=== COLLECTED DATA ===
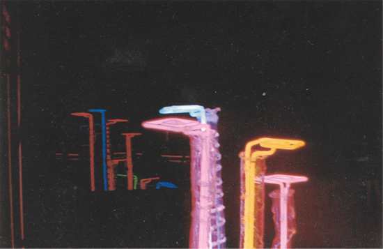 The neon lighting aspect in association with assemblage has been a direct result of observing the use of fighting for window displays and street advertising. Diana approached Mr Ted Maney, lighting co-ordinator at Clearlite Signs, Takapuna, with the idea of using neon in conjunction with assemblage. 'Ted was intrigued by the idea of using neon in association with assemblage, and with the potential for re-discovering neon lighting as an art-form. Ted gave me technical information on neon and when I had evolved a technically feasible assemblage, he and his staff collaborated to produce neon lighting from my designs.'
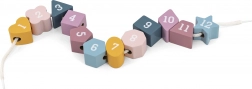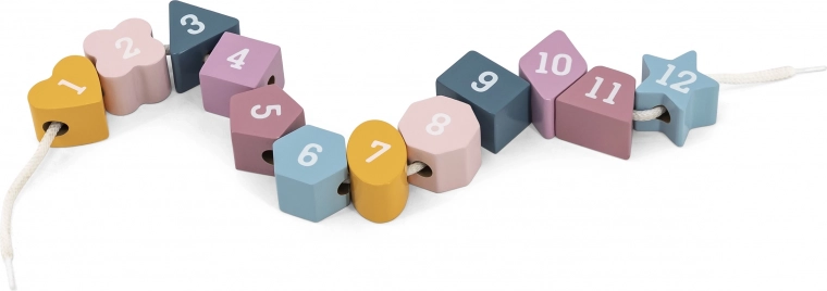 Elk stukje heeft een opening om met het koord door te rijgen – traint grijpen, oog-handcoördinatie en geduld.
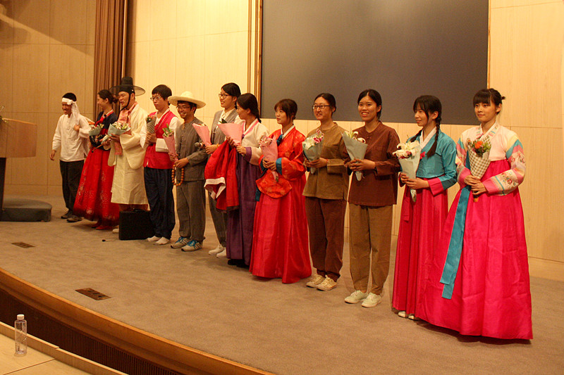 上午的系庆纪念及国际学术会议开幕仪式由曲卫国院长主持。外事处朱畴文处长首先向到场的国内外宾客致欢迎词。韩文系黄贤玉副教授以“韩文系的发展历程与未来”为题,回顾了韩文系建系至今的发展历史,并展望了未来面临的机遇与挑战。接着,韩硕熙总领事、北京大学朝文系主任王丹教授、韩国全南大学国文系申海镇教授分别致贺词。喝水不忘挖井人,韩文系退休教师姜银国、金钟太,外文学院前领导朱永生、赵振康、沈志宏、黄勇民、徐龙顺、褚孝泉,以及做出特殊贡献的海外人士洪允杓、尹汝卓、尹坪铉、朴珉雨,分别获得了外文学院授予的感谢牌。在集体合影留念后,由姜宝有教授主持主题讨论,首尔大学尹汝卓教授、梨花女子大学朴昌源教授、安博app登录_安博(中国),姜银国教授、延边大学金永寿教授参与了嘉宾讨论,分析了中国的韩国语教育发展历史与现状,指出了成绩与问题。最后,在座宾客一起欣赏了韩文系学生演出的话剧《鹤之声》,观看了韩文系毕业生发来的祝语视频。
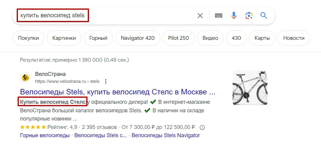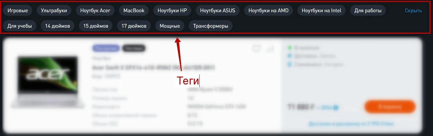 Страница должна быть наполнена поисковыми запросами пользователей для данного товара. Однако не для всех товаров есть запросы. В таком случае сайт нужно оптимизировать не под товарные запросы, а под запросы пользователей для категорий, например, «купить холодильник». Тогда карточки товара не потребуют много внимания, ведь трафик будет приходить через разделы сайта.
===
- _WORK ORDER_: Write the data above out exactly. Leave out any pictures.

- _SOLUTION_:
 The neon lighting aspect in association with assemblage has been a direct result of observing the use of fighting for window displays and street advertising. Diana approached Mr Ted Maney, lighting co-ordinator at Clearlite Signs, Takapuna, with the idea of using neon in conjunction with assemblage. 'Ted was intrigued by the idea of using neon in association with assemblage, and with the potential for re-discovering neon lighting as an art-form. Ted gave me technical information on neon and when I had evolved a technically feasible assemblage, he and his staff collaborated to produce neon lighting from my designs.'
 Elk stukje heeft een opening om met het koord door te rijgen – traint grijpen, oog-handcoördinatie en geduld.
 上午的系庆纪念及国际学术会议开幕仪式由曲卫国院长主持。外事处朱畴文处长首先向到场的国内外宾客致欢迎词。韩文系黄贤玉副教授以“韩文系的发展历程与未来”为题,回顾了韩文系建系至今的发展历史,并展望了未来面临的机遇与挑战。接着,韩硕熙总领事、北京大学朝文系主任王丹教授、韩国全南大学国文系申海镇教授分别致贺词。喝水不忘挖井人,韩文系退休教师姜银国、金钟太,外文学院前领导朱永生、赵振康、沈志宏、黄勇民、徐龙顺、褚孝泉,以及做出特殊贡献的海外人士洪允杓、尹汝卓、尹坪铉、朴珉雨,分别获得了外文学院授予的感谢牌。在集体合影留念后,由姜宝有教授主持主题讨论,首尔大学尹汝卓教授、梨花女子大学朴昌源教授、安博app登录_安博(中国),姜银国教授、延边大学金永寿教授参与了嘉宾讨论,分析了中国的韩国语教育发展历史与现状,指出了成绩与问题。最后,在座宾客一起欣赏了韩文系学生演出的话剧《鹤之声》,观看了韩文系毕业生发来的祝语视频。
 Страница должна быть наполнена поисковыми запросами пользователей для данного товара. Однако не для всех товаров есть запросы. В таком случае сайт нужно оптимизировать не под товарные запросы, а под запросы пользователей для категорий, например, «купить холодильник». Тогда карточки товара не потребуют много внимания, ведь трафик будет приходить через разделы сайта.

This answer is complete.